S&F: What was one of the most surprising ways someone used Annlee?
PH: I never really thought that way to a certain extent. There was a diversity of propositions, some of which I might have liked more than others. Rikrit Tiravanija did an eight hour-long film in which Annlee is reading Do Androids Dream of Electric Sheep by Philip K Dick. So in that regard, probably he was approaching it in a very cyborg way.
S&F: How did you and Philippe come together around this project?
PH: Philippe and I wrote down, as if in a film or book, the prologue to the project and how it would unfold. We discovered that there were characters that were for sale in some agency for fiction needs in Japan. You go to this kind of agency and select a character for use in advertising so you don’t need to draw your own. It is a stock of characters. You can use them for any purpose; usually it is a commercial purpose like a cartoon or advertising. [In 1999] we bought one of the characters: the one we picked had no identity or fictional narrative. The way that we could allow different people and authors to speak through it was to create a 3D model of that character with sensors. Then, other people could use that character. This project is a proliferation and connection between a set of people.
S&F: So it’s your project, but all of these artists will be in the exhibition as well?
PH: Yeah, exactly. I think Chrissie will show mainly the films but there was also a magazine, a record, a painting, some objects, and many other things. Tino Sehgal was not part of it at the time but has done [a performance] based on Annlee. There was also a book and that book also gathered different authors—they were on the writing side but we consider them on the same level as something with the animated character.

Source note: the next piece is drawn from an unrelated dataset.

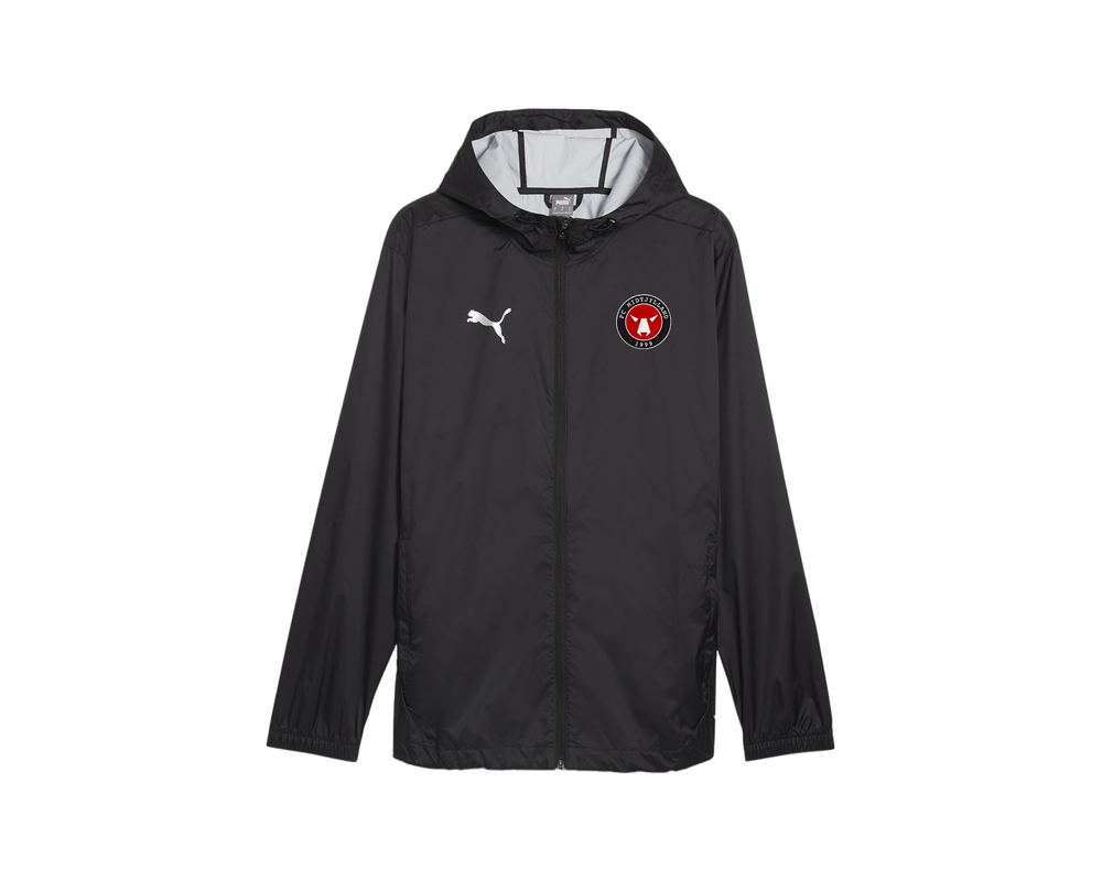 Hold dig beskyttet mod vind og vejr med FC Midtjylland teamFINAL allweather jakken. Denne jakke er designet til at give dig optimal komfort og beskyttelse, uanset hvor du træner. Med en regulær pasform og avanceret windCELL-teknologi, kan du være sikker på at holde vinden ude og varmen inde. Jakken har også en hætte for ekstra beskyttelse og lommer med lynlåse, så du kan opbevare dine ting sikkert. Kommer med de klassiske PUMA og FCM logoer på fronten, og FC Midtjylland tekst på ryggen.

S&F: Did you “kill” her at some point?
PH: First, I think we were always trying to not say “her” as much as we could. We decided that there was a moment when it became interesting to remove it out of circulation. Also, we didn’t want to be the owner. When you buy the character you become the owner of an object. We didn’t want to be the owner of that character, and so we went through a long discussion with lawyers. We decided that the character should belong to itself. We had to create an association, which was called Annlee, and so if there is prejudice or if someone uses Annlee there would be a trial. She gained back her identity within that legal sense. We did that in 2001 or 2002.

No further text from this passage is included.